• On the advice of my professor, as well as David Knuth, I'm going to start a research journal, where I communicate theoretical and conceptual ideas that I am exploring. I appreciate feedback! Just click on the title of a journal entry to leave a comment.

# 3 March 2018

David Tse recently gave a talk where he said that there is often an unexplored information-theoretic angle to many well-studied machine learning problems.
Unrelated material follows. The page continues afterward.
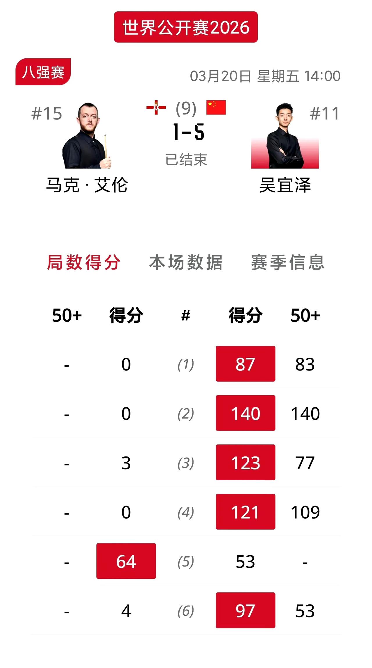 奥沙利文吴宜泽会师半决赛!火箭这状态还是人吗?完全是非人类表现,单杆153分创造记录,至少短期内无人能够打破,连续五杆终结比赛。吴宜泽同样表现完美,艾伦昨天5:0拿下周跃龙今天同样被5:0打败,印证了那句话出来混迟早要还的,两人状态都好,明天的半决赛有好戏看了,谁能赢球,冠军希望更大[赞]

For example, you can use the maximum entropy principle to fit a probability distribution based on samples from it, instead of using maximum likelihood.

That thought ran through my head as I was reading this new paper for journal club: the authors use mutual information as the criterion to determine which features of an image (or any input more generally) are the most responsible for a prediction that is made by a trained neural network: https://arxiv.org/pdf/1802.07814.pdf

# 2 March 2018

When machine learning is used to make better black-box prediction models for biomedical questions, the expected useful lifetime of the model is small. You can be sure that a bigger model trained on more data or for more time will come along, and make your model obsolete.

What may be more useful in the long run is to develop techniques that use data to discover biological mechanisms. These discoveries will stay relevant even if the original models used to discover them are replaced by other techniques.

# 28 February 2018

In the Node2Vec paper, the authors propose that an embedding for every node in a graph can be learned by trying to maximize the dot product between the feature representation of a node and its neighbors, as determined by BFS (useful for structural equivalence) or DFS (useful for learning homophily, or finding nodes that are connected together).

I think that the strategy for homophily makes sense, but the BFS strategy doesn’t make sense. Imagine that you have have a simple graph that has two two nodes $$A$$ and $$B$$, and each are surrounded by 5 neighbors, and let’s assume that the neighbors are only connected to $$A$$ and $$B$$ respectively. In that case, if you wanted to learn structural equivalence, then $$A$$ and $$B$$ should have a similar embedding, while the neighbors should all have similar embeddings.

However, the objective function that the authors propose won’t achieve this. Instead, it will propose that $$A$$ and its neighbors have similar embeddings, and that $$B$$ and its neighbors have similar embeddings. Could this be ameliorated by having a “left” and “right” embedding vector for each node? Then, the objective function would be that you maximize the dot product between the left vector of a node, and the right vector of each of its neighbors?